= Isabelle Guérin =

French ballet dancer (born 1961)

Isabelle Guérin (/fr/; born 1961) is a French ballet dancer. She was a member of the Paris Opera Ballet from 1978. In 1985, she received the title of Danseuse Étoile from Rudolf Nureyev. John Rockwell has described Guérin and Laurent Hilaire as "two of the Opera Ballet's greatest stars". She danced classical and modern repertoires until her retirement in 2001.

==Biography==
Born in the Paris suburb of Rosny-sous-Bois, Guérin grew up in Rambouillet, and studied ballet at its École de Danse. She continued her studies under Christiane Vaussard at the Conservatoire de Paris where she won the first prize in 1977, allowing her to complete her studies at the Paris Opera Ballet School. She joined the Paris Opera Ballet the following year.
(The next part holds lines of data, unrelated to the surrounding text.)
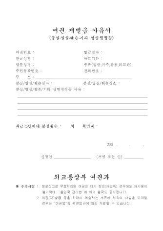 여권의 분실, 훼손 등으로 재발급이 필요한 경우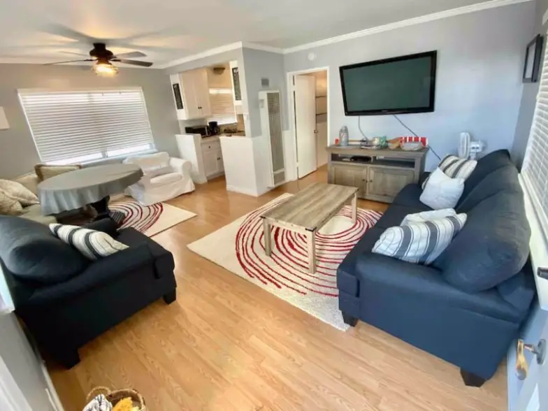 La proximidad a la arena y a solo 15 minutos a pie del muelle son las ventajas de este alquiler de casa de playa de Airbnb. Es una suite de nivel inferior que se ha actualizado recientemente y tiene un televisor grande, un sofá acogedor y un patio al aire libre. Desde aquí puede caminar hasta el bar de la azotea del Lido Hotel y el muelle. Con este alquiler, estará en el nivel inferior de un dúplex, así que sepa que hay dos inquilinos que viven aquí todo el año y que el garaje y la lavandería son espacios compartidos. Otras ventajas de hospedarse en esta casa de Airbnb altamente calificada son Wi-Fi, televisión por cable y estacionamiento.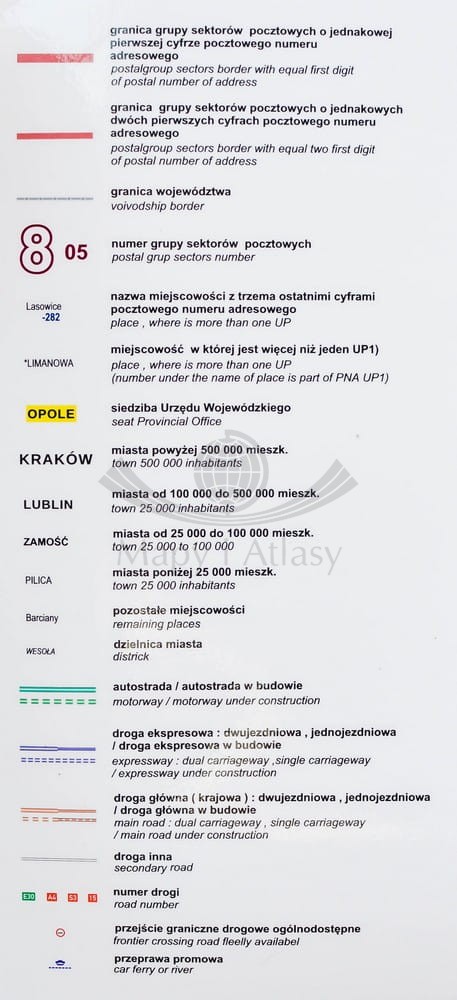 Mapa kodowa Polski w skali 1:500 000 z podstawową siecią dróg w wersji do wpinania. Na mapie zaznaczono m.in.: drogi, numery dróg, drogowe przejścia graniczne, przeprawy promowe, granice grupy sektorów pocztowych...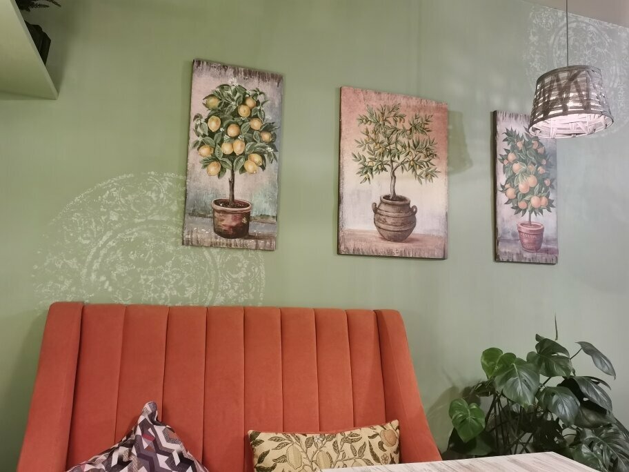 Атмосфера. Ароматы свежеиспеченной пиццы, оливкового масла и сушеных трав создают ощущение, что вы оказались в гостях у большой итальянской семьи. Яркий интерьер заведения привлекает внимание каждого: картины с красивым пейзажем, оранжевые и синие диваны, свисающие с потолка цветы.

As a quadrille in the corps de ballet, she danced Spring Pas de quatre in Kenneth MacMillan's production of The Four Seasons and Scottish Pas de deux in Pierre Lacotte's production of La Sylphide. Even before she became a soloist, she was given important roles. In 1982, Rosella Hightower chose her as Carabosse in her version of Sleeping Beauty while in 1983, Nureyev gave her the role of Kitri in Don Quixote. Quickly rising through the ranks to become a soloist in 1984, the year she won the silver medal at the Paris Concours International de Danse. In November 1985, together with Laurent Hilaire, she was given the title of étoile (principal dancer) by Rudolf Nureyev after dancing in Vladimir Bourmeister's Swan Lake. She went on to create roles in Nureyev's Cinderella (1986), Jerome Robbins' In the Night, William Forsythe's In the Middle, Somewhat Elevated and Nureyev's La Bayadère (1992) in which she danced Nikiya. In the 1996–97 season, she appeared in three New York City Ballet productions, Swan Lake, The Concert and Other Dances. She left the stage in May 2001 after dancing in MacMillan's L'histoire de Manon.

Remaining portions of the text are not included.